TASK GOAL: Please repeat exactly the lines below from the one containing "A retro vintage" down to the one containing "The Healthy Gleam", both included, and nothing else.

MATERIAL FOR THE TASK:
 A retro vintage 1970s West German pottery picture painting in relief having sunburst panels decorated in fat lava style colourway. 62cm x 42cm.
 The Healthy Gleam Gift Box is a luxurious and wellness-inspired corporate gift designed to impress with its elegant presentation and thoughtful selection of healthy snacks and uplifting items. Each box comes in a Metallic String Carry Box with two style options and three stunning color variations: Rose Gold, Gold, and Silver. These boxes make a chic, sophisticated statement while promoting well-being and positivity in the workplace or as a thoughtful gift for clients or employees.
==
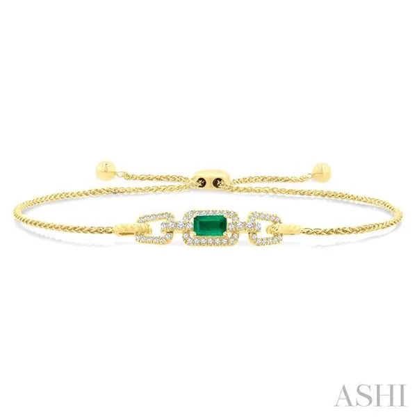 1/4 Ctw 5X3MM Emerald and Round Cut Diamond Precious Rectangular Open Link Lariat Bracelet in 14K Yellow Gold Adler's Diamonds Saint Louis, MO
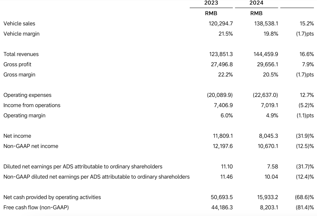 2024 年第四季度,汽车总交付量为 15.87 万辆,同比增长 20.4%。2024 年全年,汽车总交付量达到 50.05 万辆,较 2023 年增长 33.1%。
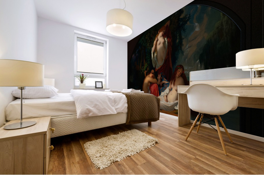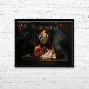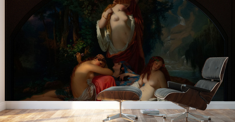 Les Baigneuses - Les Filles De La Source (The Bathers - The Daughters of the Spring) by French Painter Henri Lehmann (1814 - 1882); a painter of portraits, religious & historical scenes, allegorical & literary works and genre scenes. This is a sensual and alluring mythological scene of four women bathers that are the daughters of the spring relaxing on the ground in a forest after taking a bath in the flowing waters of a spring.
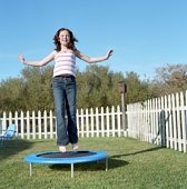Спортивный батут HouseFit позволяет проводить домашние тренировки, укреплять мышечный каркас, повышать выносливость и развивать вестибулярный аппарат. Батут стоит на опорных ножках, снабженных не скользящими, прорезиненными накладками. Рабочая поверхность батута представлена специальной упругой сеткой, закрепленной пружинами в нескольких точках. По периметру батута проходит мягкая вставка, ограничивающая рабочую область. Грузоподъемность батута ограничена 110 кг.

RESULT OF THIS EXERCISE:
 A retro vintage 1970s West German pottery picture painting in relief having sunburst panels decorated in fat lava style colourway. 62cm x 42cm.
 The Healthy Gleam Gift Box is a luxurious and wellness-inspired corporate gift designed to impress with its elegant presentation and thoughtful selection of healthy snacks and uplifting items. Each box comes in a Metallic String Carry Box with two style options and three stunning color variations: Rose Gold, Gold, and Silver. These boxes make a chic, sophisticated statement while promoting well-being and positivity in the workplace or as a thoughtful gift for clients or employees.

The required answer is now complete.